== What this task involves ==
Starting at the first line of the listing below, repeat each line up to and including the one containing "黄龍拳は武器スキルをLv20". Leave out pictures.
──────── Dataset content
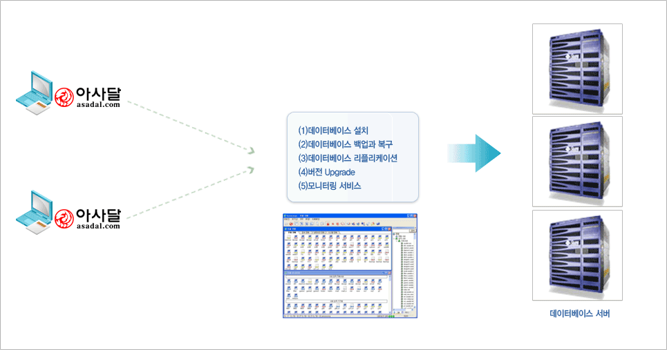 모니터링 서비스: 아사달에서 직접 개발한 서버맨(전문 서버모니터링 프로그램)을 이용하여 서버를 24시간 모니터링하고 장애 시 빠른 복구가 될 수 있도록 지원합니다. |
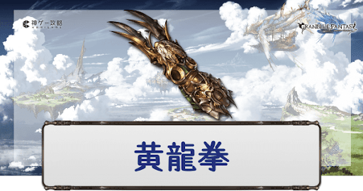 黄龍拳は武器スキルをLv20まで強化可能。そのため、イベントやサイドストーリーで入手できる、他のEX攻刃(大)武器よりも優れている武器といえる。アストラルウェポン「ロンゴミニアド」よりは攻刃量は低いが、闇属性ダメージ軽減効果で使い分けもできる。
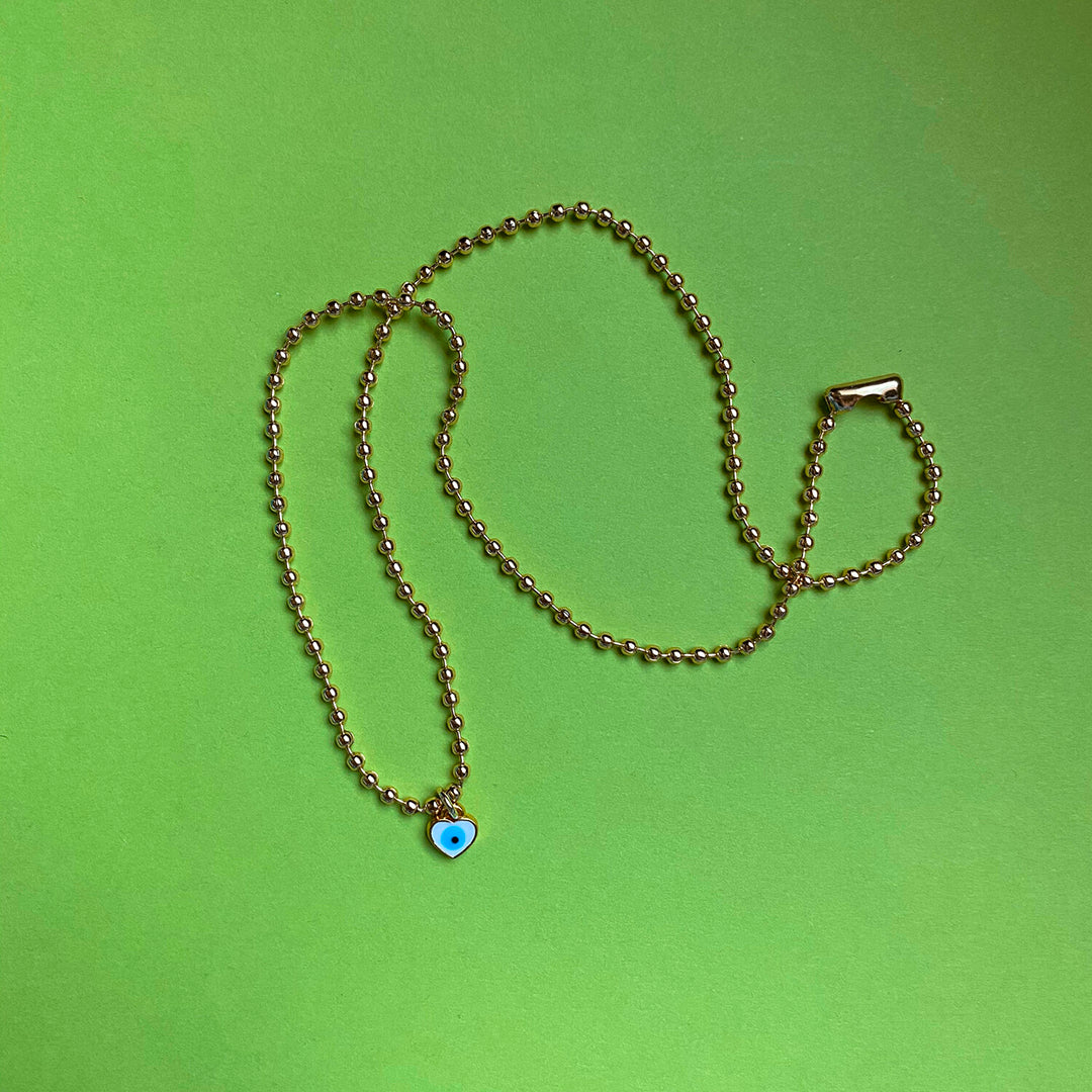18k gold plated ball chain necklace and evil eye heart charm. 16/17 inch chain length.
────────────────
== Output below ==
 모니터링 서비스: 아사달에서 직접 개발한 서버맨(전문 서버모니터링 프로그램)을 이용하여 서버를 24시간 모니터링하고 장애 시 빠른 복구가 될 수 있도록 지원합니다. |
 黄龍拳は武器スキルをLv20まで強化可能。そのため、イベントやサイドストーリーで入手できる、他のEX攻刃(大)武器よりも優れている武器といえる。アストラルウェポン「ロンゴミニアド」よりは攻刃量は低いが、闇属性ダメージ軽減効果で使い分けもできる。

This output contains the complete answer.